The answer NA means that the paper does not use existing assets. The authors should cite the original paper that produced the code package or dataset. The authors should state which version of the asset is used and, if possible, include a URL. The name of the license (e.g., CC-BY 4.0) should be included for each asset. For scraped data from a particular source (e.g., website), the copyright and terms of service of that source should be provided. If assets are released, the license, copyright information, and terms of use in the package should be provided. For popular datasets, paperswithcode.com/datasets has curated licenses for some datasets. Their licensing guide can help determine the license of a dataset. For existing datasets that are re-packaged, both the original license and the license of the derived asset (if it has changed) should be provided. If this information is not available online, the authors are encouraged to reach out to the asset s creators. 13. New Assets

Question: Are new assets introduced in the paper well documented and is the documentation provided alongside the assets?

Answer: [NA] Justification: We do not release new assets. Guidelines:

The answer NA means that the paper does not release new assets. Researchers should communicate the details of the dataset/code/model as part of their submissions via structured templates. This includes details about training, license, limitations, etc. The paper should discuss whether and how consent was obtained from people whose asset is used. At submission time, remember to anonymize your assets (if applicable). You can either create an anonymized URL or include an anonymized zip file. 14. Crowdsourcing and Research with Human Subjects

Question: For crowdsourcing experiments and research with human subjects, does the paper include the full text of instructions given to participants and screenshots, if applicable, as well as details about compensation (if any)? Answer: [NA] Justification: We do not use crowdsourcing. Guidelines:

The answer NA means that the paper does not involve crowdsourcing nor research with human subjects. Including this information in the supplemental material is fine, but if the main contribution of the paper involves human subjects, then as much detail as possible should be included in the main paper.
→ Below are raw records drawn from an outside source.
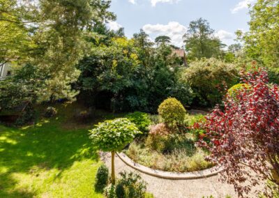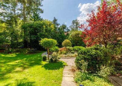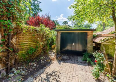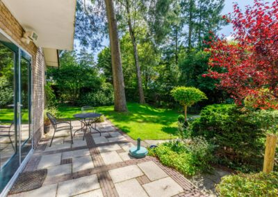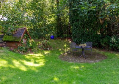 De ruime en besloten achtertuin is fraai aangelegd en gunstig gelegen op het zuidwesten. De tuin biedt voldoende plekjes om heerlijk te vertoeven in de zon, maar gelukkig is er ook voldoende beschutting en schaduw te vinden onder de bomen bij de echte hete dagen van het jaar.
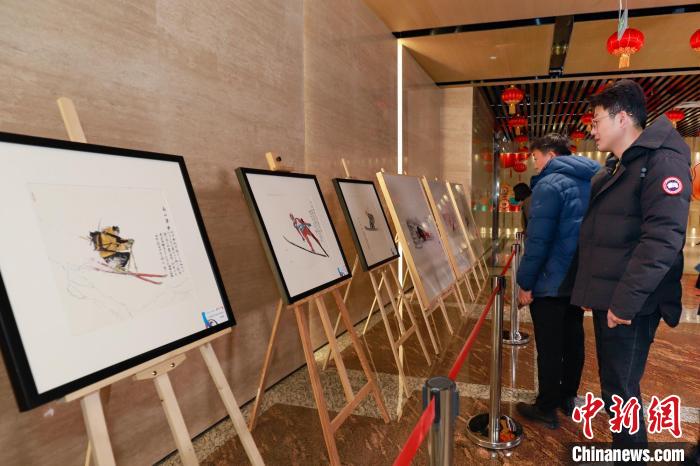 现场参与者正在欣赏冬奥主题作品展 “为奥运喝彩”组委会提供
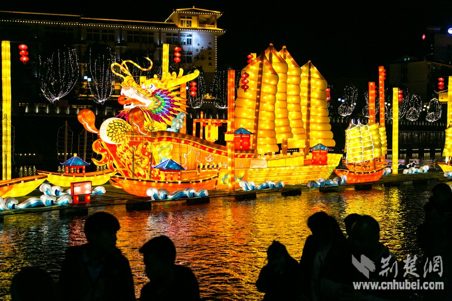 荆楚网消息(记者 刘建维)2月20日晚,入夜的贡水河两岸流光溢彩、人来人往。河中一组组绚丽而富有宣恩特色的大型灯展矗立,整个小城被流光溢彩的璀璨图景装扮得多姿多彩。此次灯展的立体灯组以及平雕灯,由来自四川自贡的灯艺大师们手工打造,无论在创意、品味、种类和规模上,都呈现出新意和美观。据悉,此次灯盏从去年腊月二十起便已开展,并将持续展览两个月。
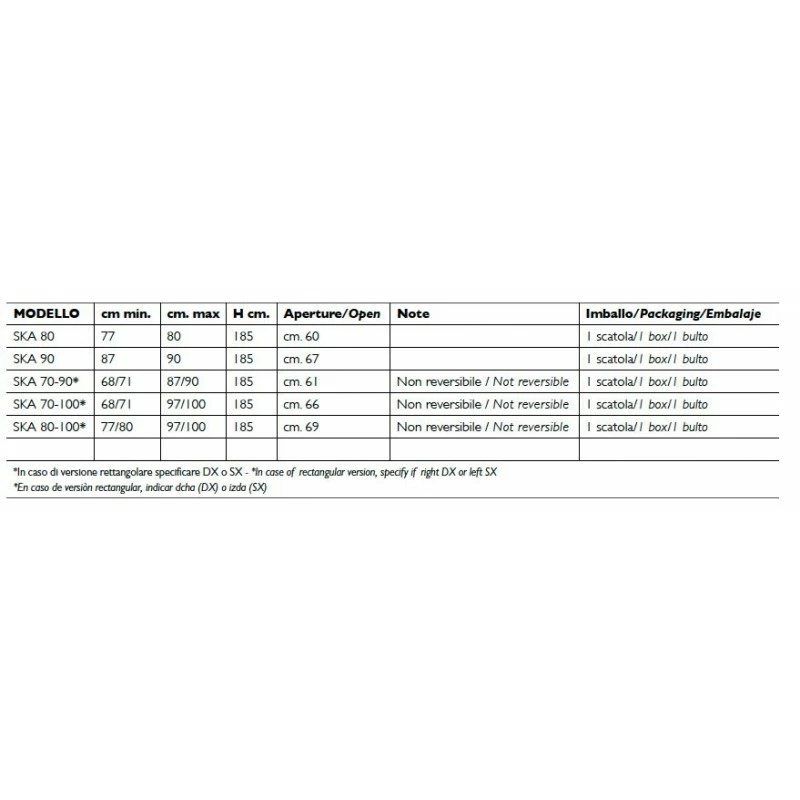La cabina doccia è disponibile nelle misure 80×80, 90×90, 70×90, 70×100 e 80×100 con le possibilità di estensione come indicate nella scheda tecnica che potete trovare nella galleria immagini del box doccia “Ska”.
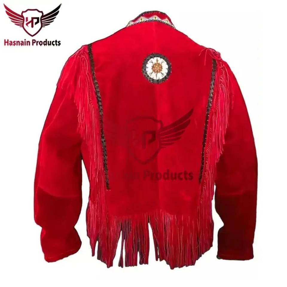 แจ็กเก็ตหนังกลับสีแดงทำด้วยมือสำหรับผู้ชายเสื้อโค้ทคาวบอยติดขอบกับด้านลูกปัดแนวสตรีทตะวันตกไม่เหมือนใคร

According to the Neur IPS Code of Ethics, workers involved in data collection, curation, or other labor should be paid at least the minimum wage in the country of the data collector. 15. Institutional Review Board (IRB) Approvals or Equivalent for Research with Human Subjects Question: Does the paper describe potential risks incurred by study participants, whether such risks were disclosed to the subjects, and whether Institutional Review Board (IRB) approvals (or an equivalent approval/review based on the requirements of your country or institution) were obtained? Answer: [NA] Justification: We do not use crowdsourcing. Guidelines:

The answer NA means that the paper does not involve crowdsourcing nor research with human subjects. Depending on the country in which research is conducted, IRB approval (or equivalent) may be required for any human subjects research. If you obtained IRB approval, you should clearly state this in the paper. We recognize that the procedures for this may vary significantly between institutions and locations, and we expect authors to adhere to the Neur IPS Code of Ethics and the guidelines for their institution. For initial submissions, do not include any information that would break anonymity (if applicable), such as the institution conducting the review.